In fact, P22-Hyd both breaks the chemical bonds of water to create hydrogen and also works in reverse to recombine hydrogen and oxygen to generate power. “The reaction runs both ways — it can be used either as a hydrogen production catalyst or as a fuel cell catalyst,” Douglas said.

So, what’s next?

This is a step towards one of those Holy Grail technologies, which is using micro-scale solar power to water split, and running a fuel cell off the hydrogen. Thereby, powering a car and producing only water as the byproduct. No gaseous emissions.

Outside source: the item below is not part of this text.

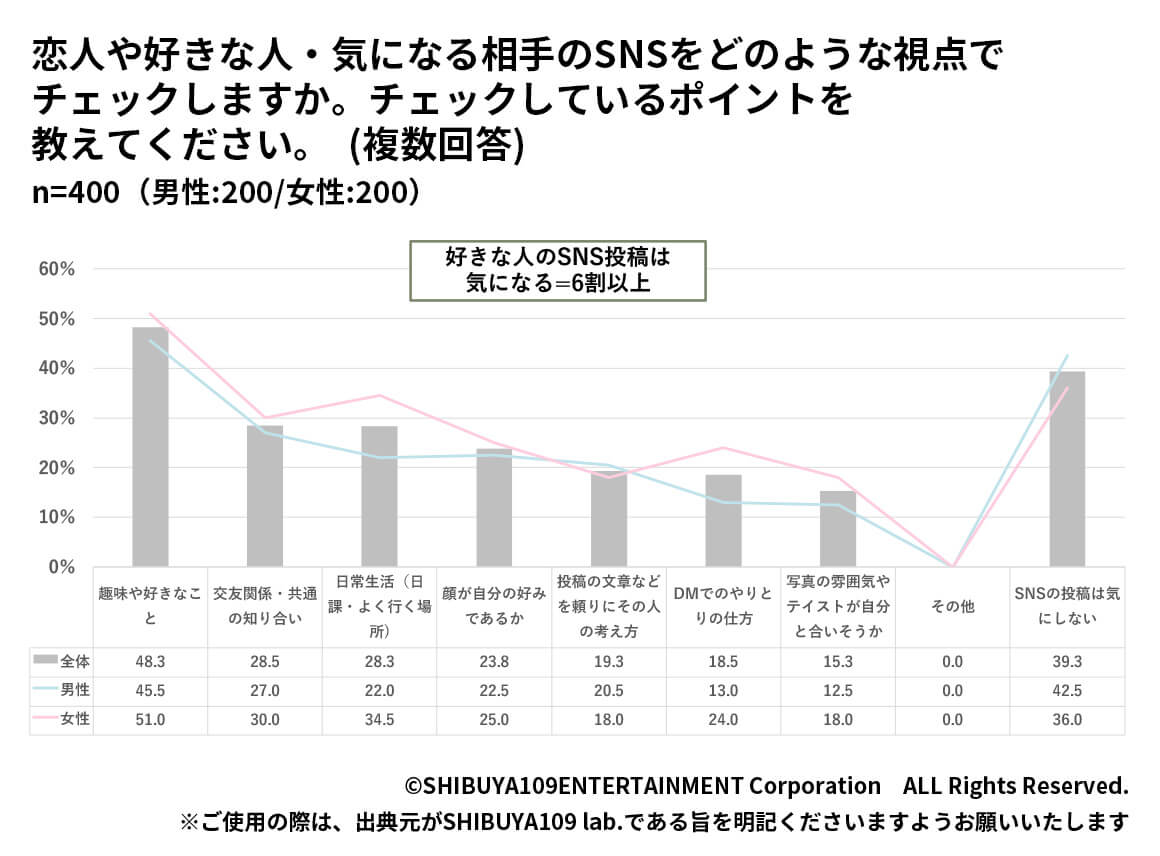 SNSでチェックする項目は、「趣味・好きなこと」(48.3%)「交友関係・共通の知り合い」(28.5%)「日常生活(日課・よく行く場所)」(28.3%)となっており、話しかけるきっかけとなる趣味を知る目的や、交友関係を把握するツールとして使われていることがわかります。

So, it’s good news that Douglas and his colleagues continue to craft P22-Hyd into an ideal ingredient for hydrogen power by investigating ways to activate a catalytic reaction with sunlight, as opposed to introducing elections using laboratory methods. “Incorporating this material into a solar-powered system is the next step,” Douglas said.

The bottom line

OK, it’s early days, this is lab work, not something running at vehicle scale. But, it’s a material step forward as we move towards adding fuel cells into the list of technologies that power mobility, at civilization scale rather than niche or concept scale. One of the things on our “shopping list for running Earth better” is a low-cost, low-impact organic catalyst to split water to make sustainable hydrogen, instead of fossil hydrogen.

Check that box.

Who to thank?

Besides the afore-mentioned Douglas, the research team included Megan C. Thielges, an assistant professor of chemistry; Ethan J. Edwards, a Ph.D. student; and Paul C. Jordan, a postdoctoral researcher at Alios BioPharma, who was an IU Ph.D. student at the time of the study. And a shout-out to the oft-maligned Department of Energy, which shared the vision and funded the work.